New York Council: Problems in the Immediate Family

The annual Family of Man awards dinner in New York City last month appeared to be more of a family quarrel than an expression of human solidarity.

While the city’s Council of Churches sponsored a $150-a-plate dinner attended by 2,000 inside the New York Hilton, a farrago of 500 gathered outside to protest the council’s honoring of President Nixon; former Ambassador Averell Harriman; Dr. S. I. Hayakawa, battle-scarred president of San Francisco State College; and civil-rights leader Bayard Rustin.

“It must be said … in plain truth,” said Secretary of State William P. Rogers as he accepted Nixon’s medallion, “that the leaders in Hanoi look upon disruption and dissent in the United States as their best ally.” Meanwhile, at the protest outside (engineered by Union Theological Seminary students), alternate awards were presented to James Forman (present) for “the Black Manifesto which symbolizes a great deal of hope”; Pete Seeger, “in this day of dead lakes and fouled-up rivers … for his interest in ecology”; Father James Groppi (unavoidably detained in a Wisconsin jail), for “uniting the people of Milwaukee who are poor and oppressed”; and others.

The protest group was a surprising assortment from moderate clergy to the Weatherman faction of the Students for a Democratic Society, Youth Against War and Facism, the “Crazies” militant youth group, and some supporters of the National Liberation Front. After the counter-awards, the clergy group marched across the street in defiance of a police order and fed one another bread and wine.

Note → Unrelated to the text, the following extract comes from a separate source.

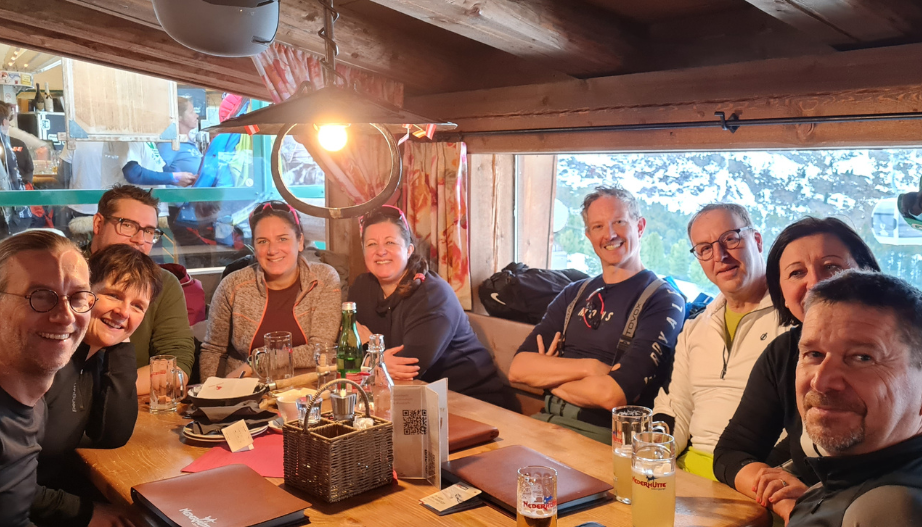 Wetterbedingt musste die Ski- und Sportbrillenpräsentation von Rudy Project am zweiten Tag zwar kurzerhand in geschlossene Räume umgezogen werden. Das tat der Stimmung jedoch keinen Abbruch — egal ob tagsüber auf der Piste oder abends beim Après-Ski auf der urigen Nederhüttn. Der "Einkehrschwung" war wie immer mit sehr viel Spaß, guter Laune und fetziger Musik verbunden, so dass auch die Skistiefel niemanden davon abhielten, ausgiebig zu tanzen.

Several days before, a bevy of New York clergymen “liberated” the office of the Council of Churches’ head Dr. Dan Potter, and protested that the jaunty Hayakawa was unsuited for his award because he handled student radicals by the “violence of repression.” Among those supporting the office takeover was New York Seminary president Dr. George Webber.

The awards dinner a year ago led to a split between the Family of Man Corporation and the council, which filed a suit charging that individuals withheld the dinner receipts from the council. The funds were “frozen” by court order. Unless things thaw, next year’s dinner may be frozen, too.